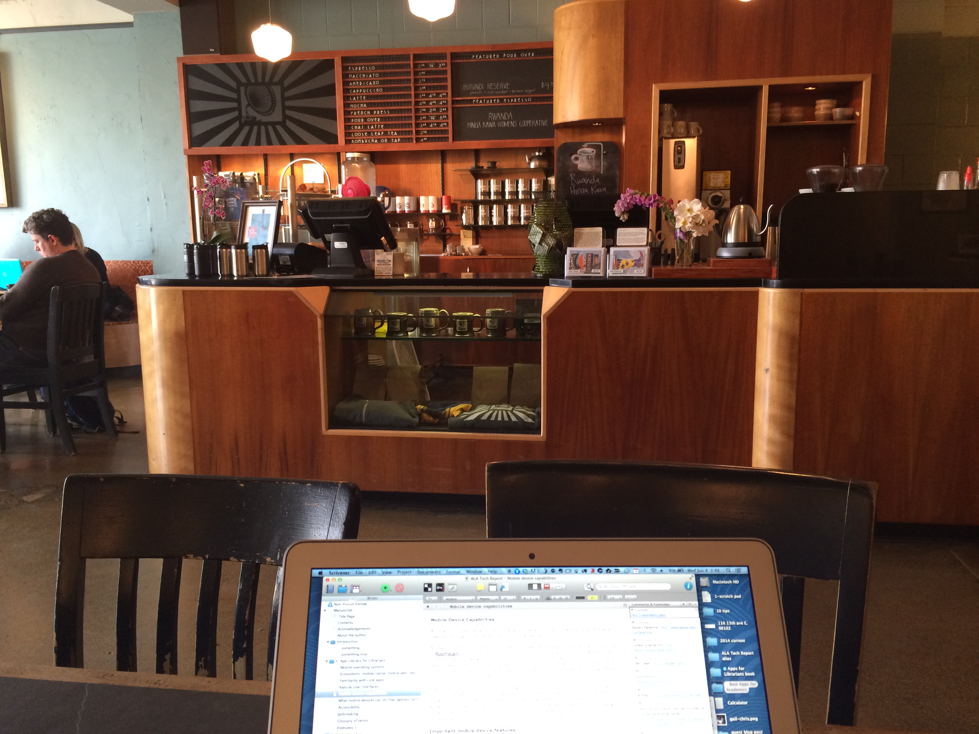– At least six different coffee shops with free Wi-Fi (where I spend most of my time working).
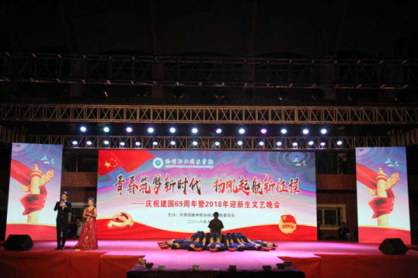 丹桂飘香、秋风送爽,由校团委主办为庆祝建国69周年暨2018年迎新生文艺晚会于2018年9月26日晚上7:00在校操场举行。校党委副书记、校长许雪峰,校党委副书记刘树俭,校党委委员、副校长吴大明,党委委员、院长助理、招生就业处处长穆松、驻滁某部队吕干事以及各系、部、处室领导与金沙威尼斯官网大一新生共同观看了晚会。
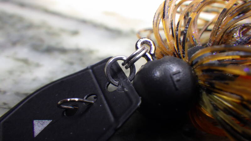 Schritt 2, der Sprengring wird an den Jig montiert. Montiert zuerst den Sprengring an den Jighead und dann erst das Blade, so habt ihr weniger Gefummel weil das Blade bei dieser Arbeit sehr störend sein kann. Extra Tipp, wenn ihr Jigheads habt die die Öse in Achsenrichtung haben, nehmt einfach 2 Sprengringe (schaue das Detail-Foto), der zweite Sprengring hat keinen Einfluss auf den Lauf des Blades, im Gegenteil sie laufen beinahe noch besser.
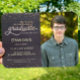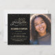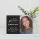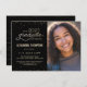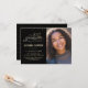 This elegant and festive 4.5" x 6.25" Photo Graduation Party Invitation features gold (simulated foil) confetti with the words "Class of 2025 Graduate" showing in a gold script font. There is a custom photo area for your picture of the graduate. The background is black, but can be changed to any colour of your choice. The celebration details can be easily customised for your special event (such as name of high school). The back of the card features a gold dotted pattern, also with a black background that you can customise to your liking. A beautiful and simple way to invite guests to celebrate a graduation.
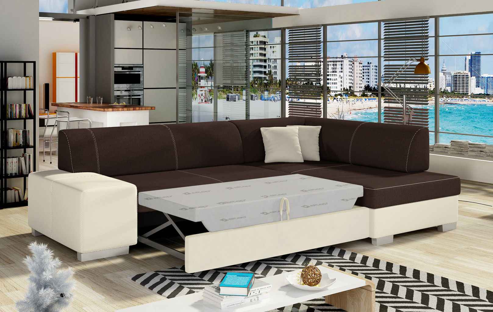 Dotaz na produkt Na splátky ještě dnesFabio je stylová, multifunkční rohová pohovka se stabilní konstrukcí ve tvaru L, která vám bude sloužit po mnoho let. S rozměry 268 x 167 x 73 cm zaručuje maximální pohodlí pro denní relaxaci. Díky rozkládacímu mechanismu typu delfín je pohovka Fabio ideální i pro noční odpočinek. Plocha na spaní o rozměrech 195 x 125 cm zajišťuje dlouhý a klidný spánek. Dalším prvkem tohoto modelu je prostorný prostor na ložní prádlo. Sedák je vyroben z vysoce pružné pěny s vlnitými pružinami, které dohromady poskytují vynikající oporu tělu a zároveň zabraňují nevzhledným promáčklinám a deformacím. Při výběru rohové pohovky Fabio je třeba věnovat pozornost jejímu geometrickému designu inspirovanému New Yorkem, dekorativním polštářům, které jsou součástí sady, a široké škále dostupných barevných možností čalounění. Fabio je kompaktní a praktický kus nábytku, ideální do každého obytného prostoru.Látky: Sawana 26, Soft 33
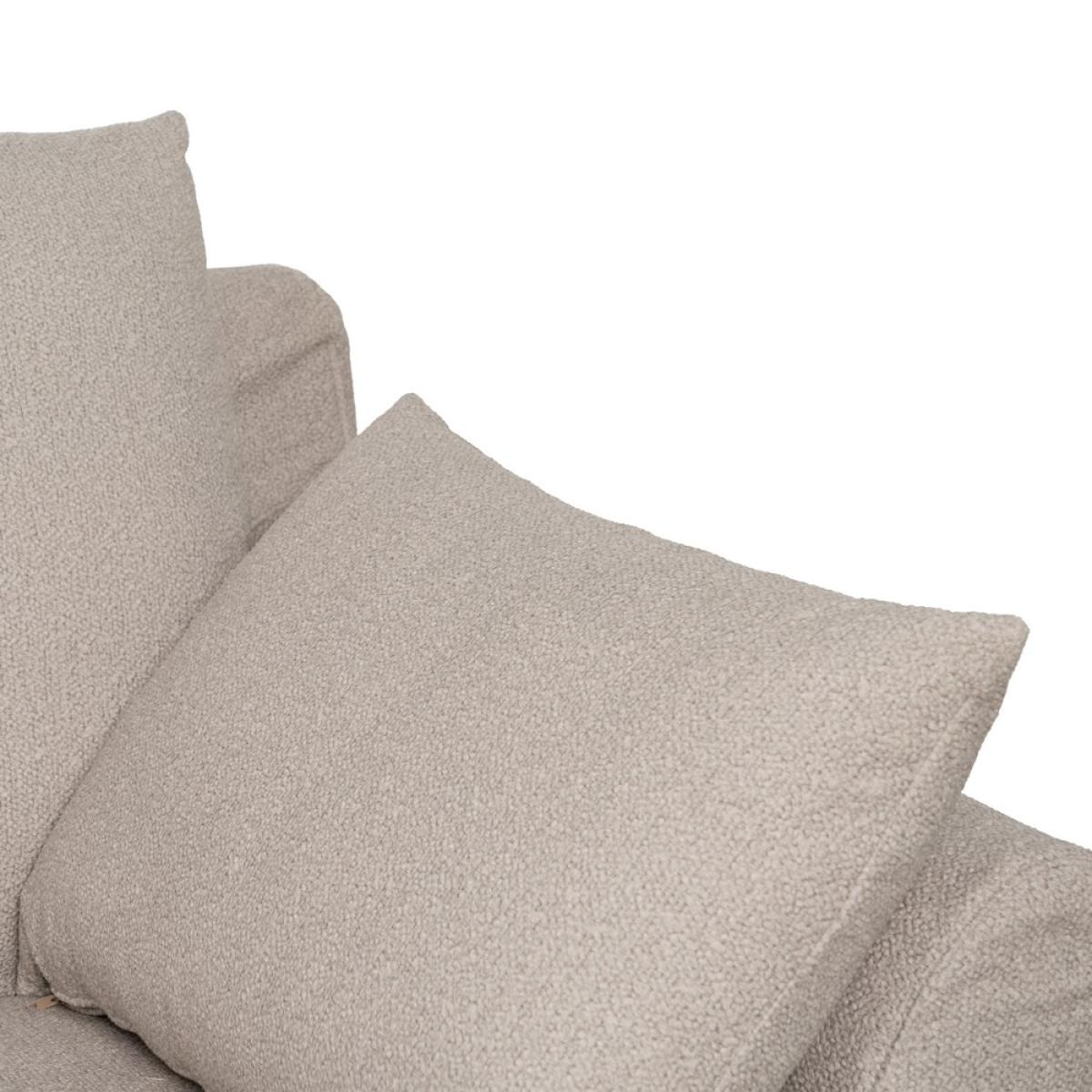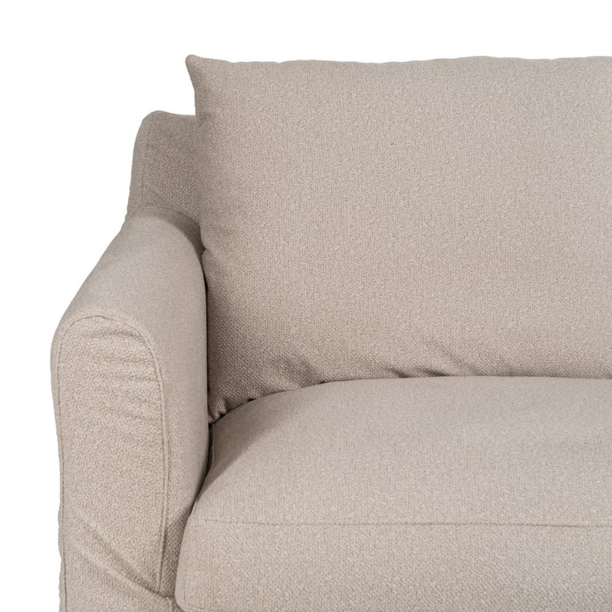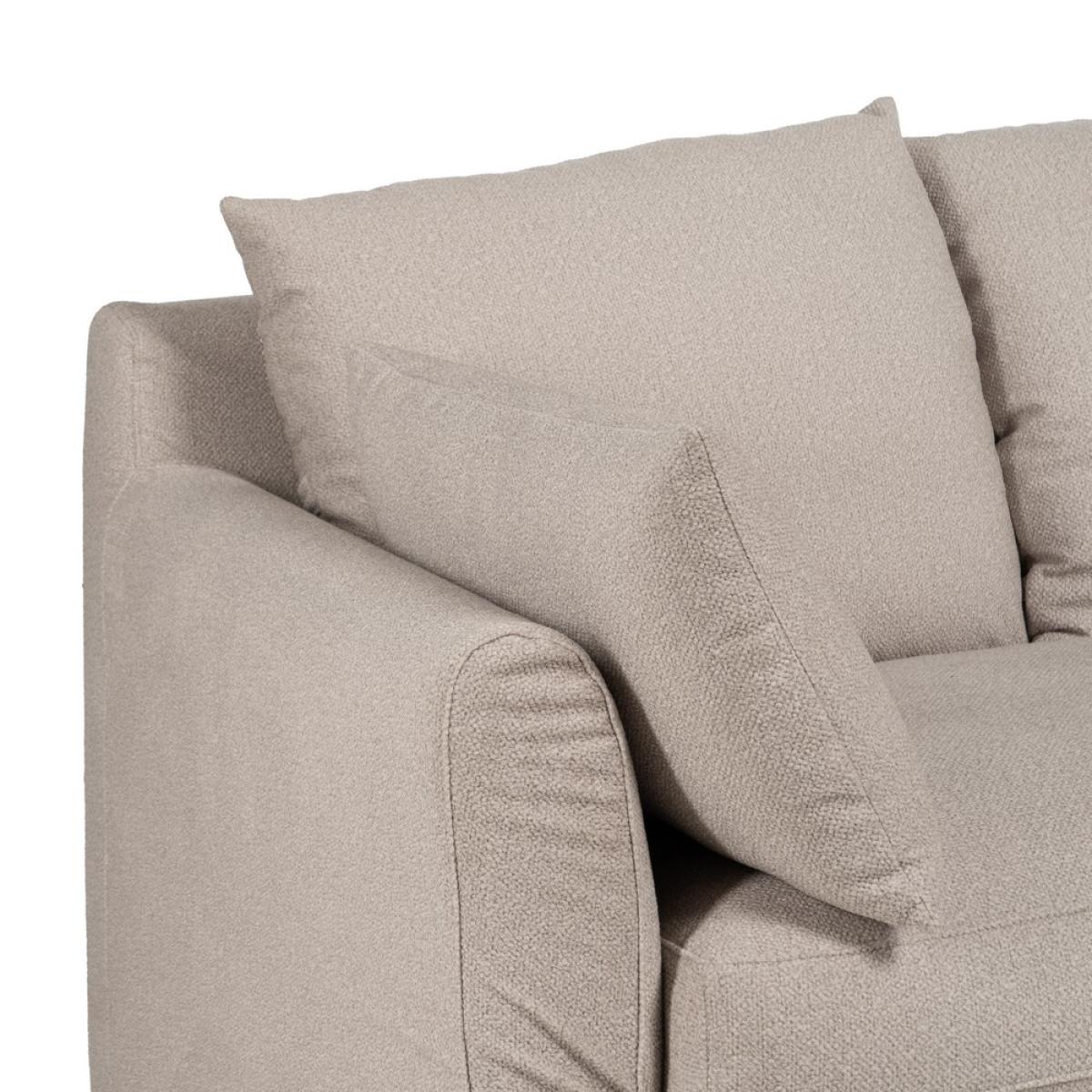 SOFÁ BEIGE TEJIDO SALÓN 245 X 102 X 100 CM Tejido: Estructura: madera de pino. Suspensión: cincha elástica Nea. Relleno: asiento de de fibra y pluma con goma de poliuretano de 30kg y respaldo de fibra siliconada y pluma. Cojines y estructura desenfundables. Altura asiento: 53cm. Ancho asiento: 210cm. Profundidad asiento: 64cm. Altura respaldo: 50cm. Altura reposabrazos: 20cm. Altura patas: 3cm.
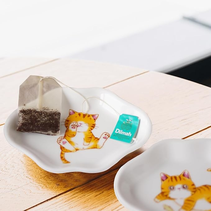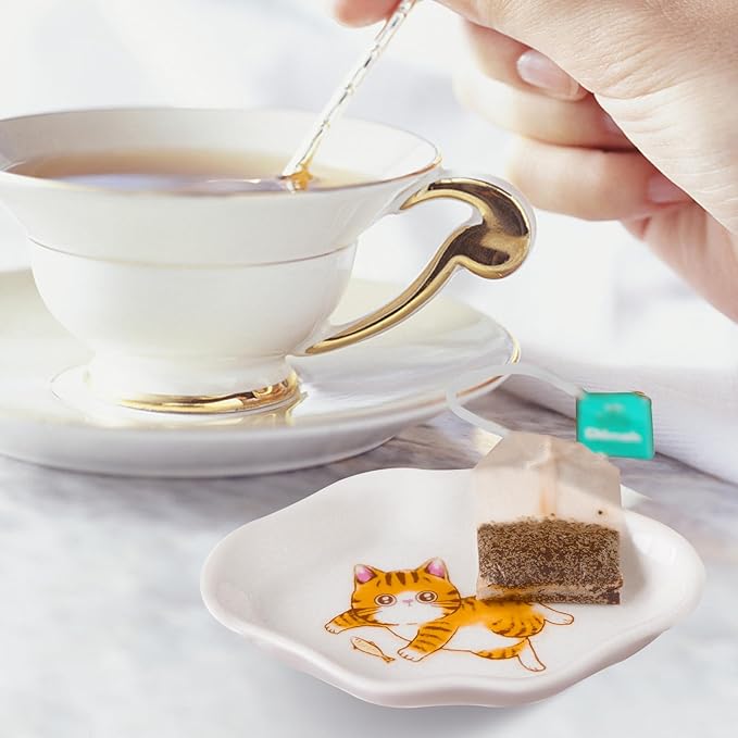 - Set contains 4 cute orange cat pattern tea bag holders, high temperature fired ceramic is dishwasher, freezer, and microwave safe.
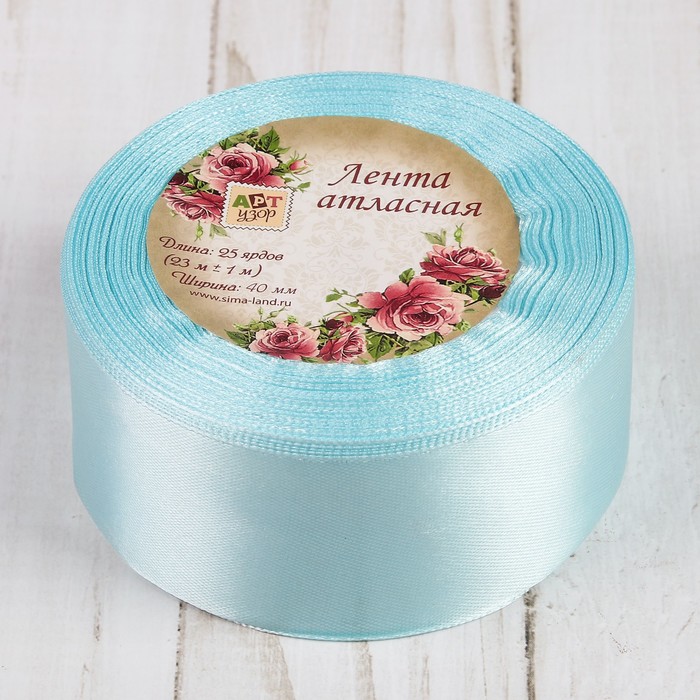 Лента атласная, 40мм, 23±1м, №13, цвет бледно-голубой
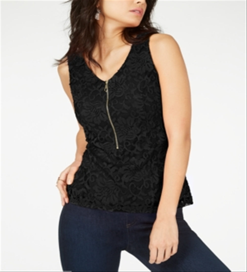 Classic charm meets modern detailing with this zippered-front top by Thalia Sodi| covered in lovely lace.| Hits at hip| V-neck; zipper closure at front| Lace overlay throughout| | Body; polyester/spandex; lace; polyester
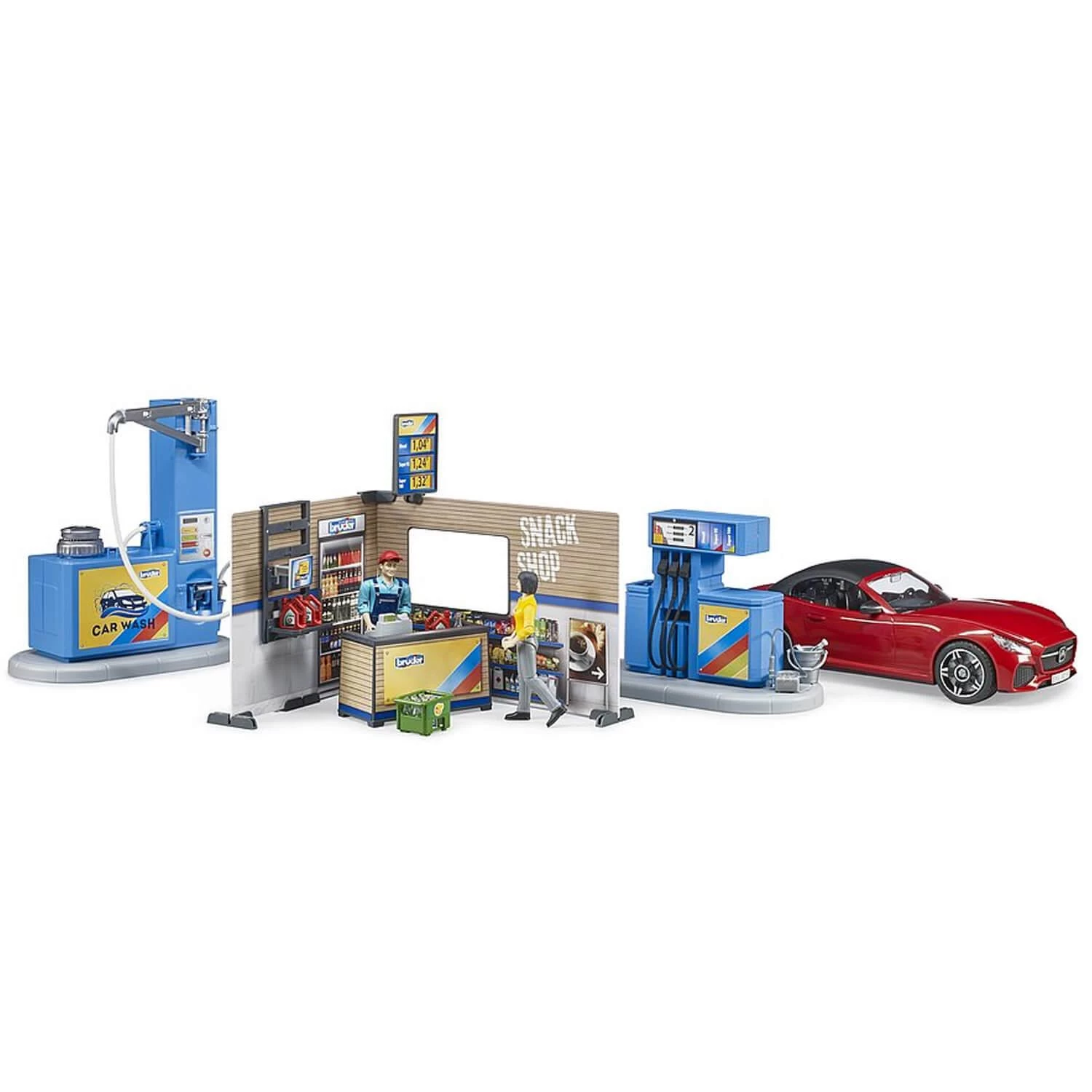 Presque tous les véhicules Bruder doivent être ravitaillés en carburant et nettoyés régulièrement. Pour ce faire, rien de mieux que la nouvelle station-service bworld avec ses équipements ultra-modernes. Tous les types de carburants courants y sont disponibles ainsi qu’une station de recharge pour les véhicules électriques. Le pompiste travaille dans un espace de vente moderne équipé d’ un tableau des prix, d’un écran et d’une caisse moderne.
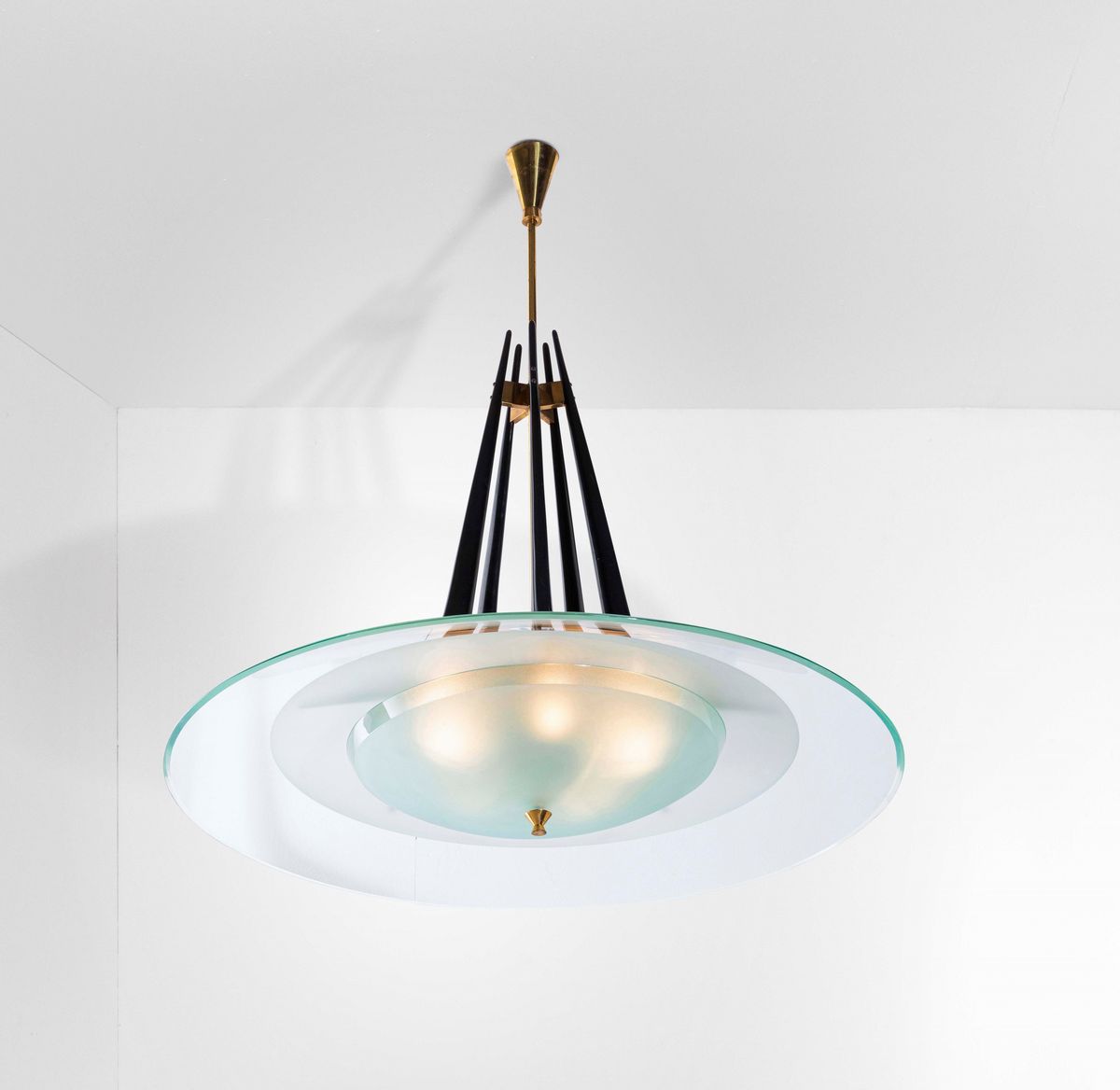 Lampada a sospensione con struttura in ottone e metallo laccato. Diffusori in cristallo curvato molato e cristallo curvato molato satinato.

══════════════════════════════

Each line above is to be duplicated exactly, and the pictures are to be omitted.

– At least six different coffee shops with free Wi-Fi (where I spend most of my time working).
 丹桂飘香、秋风送爽,由校团委主办为庆祝建国69周年暨2018年迎新生文艺晚会于2018年9月26日晚上7:00在校操场举行。校党委副书记、校长许雪峰,校党委副书记刘树俭,校党委委员、副校长吴大明,党委委员、院长助理、招生就业处处长穆松、驻滁某部队吕干事以及各系、部、处室领导与金沙威尼斯官网大一新生共同观看了晚会。
 Schritt 2, der Sprengring wird an den Jig montiert. Montiert zuerst den Sprengring an den Jighead und dann erst das Blade, so habt ihr weniger Gefummel weil das Blade bei dieser Arbeit sehr störend sein kann. Extra Tipp, wenn ihr Jigheads habt die die Öse in Achsenrichtung haben, nehmt einfach 2 Sprengringe (schaue das Detail-Foto), der zweite Sprengring hat keinen Einfluss auf den Lauf des Blades, im Gegenteil sie laufen beinahe noch besser.
 This elegant and festive 4.5" x 6.25" Photo Graduation Party Invitation features gold (simulated foil) confetti with the words "Class of 2025 Graduate" showing in a gold script font. There is a custom photo area for your picture of the graduate. The background is black, but can be changed to any colour of your choice. The celebration details can be easily customised for your special event (such as name of high school). The back of the card features a gold dotted pattern, also with a black background that you can customise to your liking. A beautiful and simple way to invite guests to celebrate a graduation.
 Dotaz na produkt Na splátky ještě dnesFabio je stylová, multifunkční rohová pohovka se stabilní konstrukcí ve tvaru L, která vám bude sloužit po mnoho let. S rozměry 268 x 167 x 73 cm zaručuje maximální pohodlí pro denní relaxaci. Díky rozkládacímu mechanismu typu delfín je pohovka Fabio ideální i pro noční odpočinek. Plocha na spaní o rozměrech 195 x 125 cm zajišťuje dlouhý a klidný spánek. Dalším prvkem tohoto modelu je prostorný prostor na ložní prádlo. Sedák je vyroben z vysoce pružné pěny s vlnitými pružinami, které dohromady poskytují vynikající oporu tělu a zároveň zabraňují nevzhledným promáčklinám a deformacím. Při výběru rohové pohovky Fabio je třeba věnovat pozornost jejímu geometrickému designu inspirovanému New Yorkem, dekorativním polštářům, které jsou součástí sady, a široké škále dostupných barevných možností čalounění. Fabio je kompaktní a praktický kus nábytku, ideální do každého obytného prostoru.Látky: Sawana 26, Soft 33
 SOFÁ BEIGE TEJIDO SALÓN 245 X 102 X 100 CM Tejido: Estructura: madera de pino. Suspensión: cincha elástica Nea. Relleno: asiento de de fibra y pluma con goma de poliuretano de 30kg y respaldo de fibra siliconada y pluma. Cojines y estructura desenfundables. Altura asiento: 53cm. Ancho asiento: 210cm. Profundidad asiento: 64cm. Altura respaldo: 50cm. Altura reposabrazos: 20cm. Altura patas: 3cm.
 - Set contains 4 cute orange cat pattern tea bag holders, high temperature fired ceramic is dishwasher, freezer, and microwave safe.
 Лента атласная, 40мм, 23±1м, №13, цвет бледно-голубой
 Classic charm meets modern detailing with this zippered-front top by Thalia Sodi| covered in lovely lace.| Hits at hip| V-neck; zipper closure at front| Lace overlay throughout| | Body; polyester/spandex; lace; polyester
 Presque tous les véhicules Bruder doivent être ravitaillés en carburant et nettoyés régulièrement. Pour ce faire, rien de mieux que la nouvelle station-service bworld avec ses équipements ultra-modernes. Tous les types de carburants courants y sont disponibles ainsi qu’une station de recharge pour les véhicules électriques. Le pompiste travaille dans un espace de vente moderne équipé d’ un tableau des prix, d’un écran et d’une caisse moderne.
 Lampada a sospensione con struttura in ottone e metallo laccato. Diffusori in cristallo curvato molato e cristallo curvato molato satinato.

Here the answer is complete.